Section 56-4-70. (A) In the event (i) a person is convicted of a charge described in item (1) or (2) of Sections 56-4-50 or 56-4-60 or (ii) a person fails or refuses to pay any fine, costs, forfeiture, restitution, or penalty, or any installment thereof, imposed in any traffic case, or (iii) a person forfeits bail or collateral or other deposit to secure the defendant's appearance on the charges, unless the conviction has been set aside or the forfeiture vacated, or (iv) a court assigns a defendant to a driver education program or alcohol treatment or rehabilitation program, or both such programs, as provided by the laws of this State, or (v) compliance with the court's probation order is accepted by the court in lieu of a conviction under the laws of this State or the requirements specified by the laws of this State as provided, or (vi) there is rendered a judgement for damages against a person as described in Section 56-4-50, every clerk of a Circuit Court shall forward an abstract of the record to the executive director of the Department of Revenue and Taxation within fifteen days, or in the case of civil judgments, on the request of the judgment creditor or his attorney, thirty days after the conviction, forfeiture, assignment, acceptance, or judgment has become final without appeal or has become final by affirmance on appeal.

(B) Abstract data of conviction may be furnished to the executive director of the Department of Revenue and Taxation by electronic means provided that the content of the abstract and the certification complies with the requirements of Section 56-4-100. In cases where the abstract data is furnished by electronic means, the paper abstract shall not be required to be forwarded to the executive director of the Department of Revenue and Taxation. The executive director of the Department of Revenue and Taxation shall develop a method to ensure that all data is received accurately. The executive director of the Department of Revenue and Taxation, with the approval of the Governor, may destroy the record of any conviction, forfeiture, assignment, acceptance, or judgment, when three years has elapsed from the date thereof, except records of conviction or forfeiture on charges of reckless driving and speeding, which records may be destroyed when five years has elapsed from the date thereof, and further excepting those records that alone, or in connection with other records, will require suspension or revocation or disqualification of a license or registration under any applicable provisions of this title.

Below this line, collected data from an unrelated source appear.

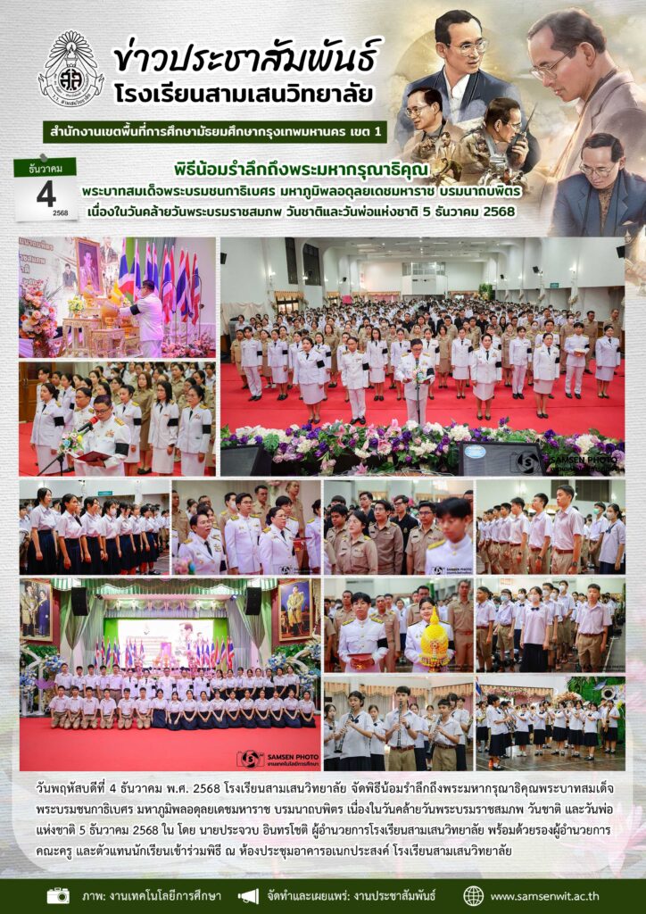 4 ธันวาคม 2568 โรงเรียนสามเสนวิทยาลัย จัดพิธีน้อมรำลึกถึงพระมหากรุณาธิคุณ พระบาทสมเด็จพระบรมชนกาธิเบศร มหาภูมิพลอดุลยเดชมหาราช บรมนาถบพิตร เนื่องในวันคล้ายวันพระบรมราชสมภพ วันชาติและวันพ่อแห่งชาติ 5 ธันวาคม 25684 ธันวาคม 2025Written by งานประชาสัมพันธ์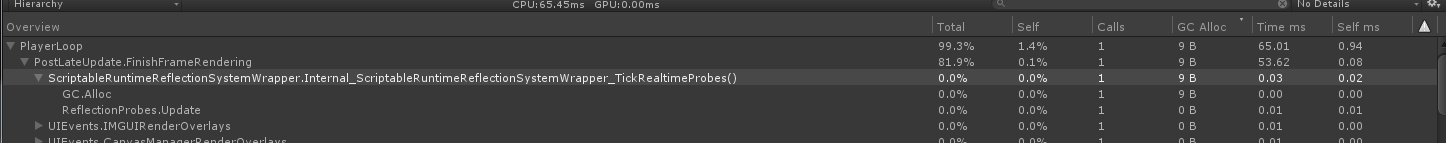 https://unity3d.com/cn/unity/whats-new/2018.3.8Scripting: Removed allocation in every frame from ScriptableRuntimeReflectionSystemWrapper.TickRealtimeProbes. (1097039)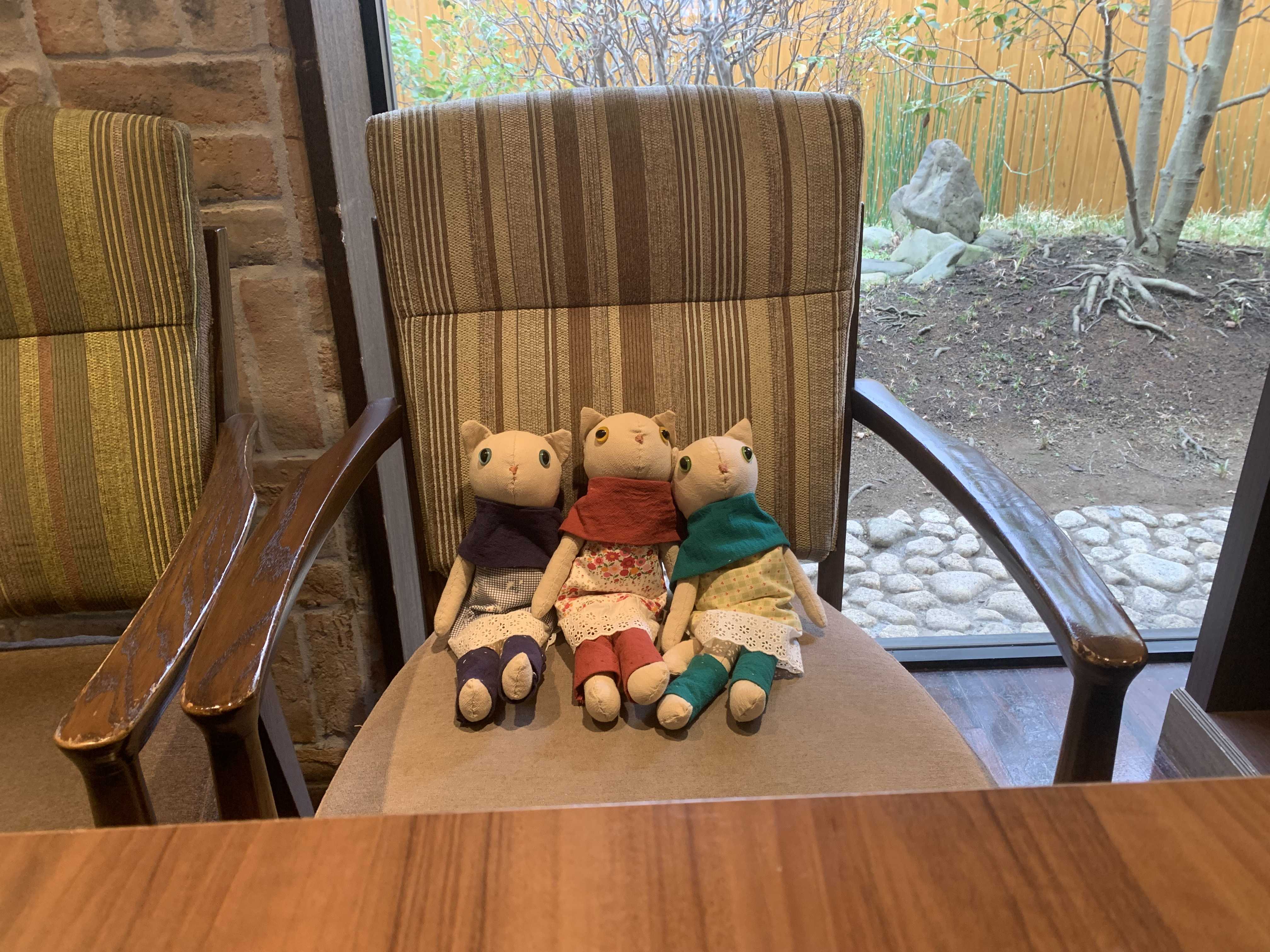 10時半開始予定だったのですが、ウチから会場まではすごく渋滞する一本道のトンネルがあるので、早めに出発。結果、10時前に到着してしまった。。。今日は混んでなかったのよ…まあいいか、案内された席周りだったら迷惑にはならないだろうと撮影しちゃいました。時間潰し。一瞬で取り出して並べたので、ちょっと姿勢が変? もちろん、この一枚の後、すぐにしまいましたよ♪「最近の作品披露」でみコンコン紹介。「あらー、お洋服とかバッグだけじゃなくて、お人形も手出ししちゃったの?」と言われながらも、皆「可愛いね❤️」と褒めてくれたので、嬉しい☺️重い曇り空でしたが、楽しい集まりでした。もう何回会えるのかなあ…メンバーみんな、年取ってきて病気の話が多くなってきてます。だからこそ、また絶対会おうね、と次回の約束をしました。次は春☘️その頃、私は何を作っているんだろうか…楽しみです♪お出かけして、疲れた〜のみコンコンたち❤️

Section 56-4-80. Every law enforcement officer who has arrested any person for (i) driving while under the influence of intoxicants or drugs in violation of the laws of this State or a parallel local ordinance, (ii) the state statutory provisions against reckless driving or a parallel local ordinance, (iii) the state statutory provisions against failure to stop at the scene of an accident or a parallel local ordinance or (iv) the state statutory provisions against driving without a license or while his license has been suspended or revoked or a parallel local ordinance or while he is disqualified in violation of the Commercial Vehicle Driver's License Act, shall request from the department an abstract or transcript of the person's drivers conviction record on file at the Division of Motor Vehicles of the Department of Revenue and Taxation shall furnish the abstract or transcript to the solicitor for the circuit in which the case will be heard, to be held available for the court in which the person is to be tried for the violation or charge. However, the failure of the solicitor to receive the abstract or transcript in any case does not constitute grounds for the granting of a continuance of the case.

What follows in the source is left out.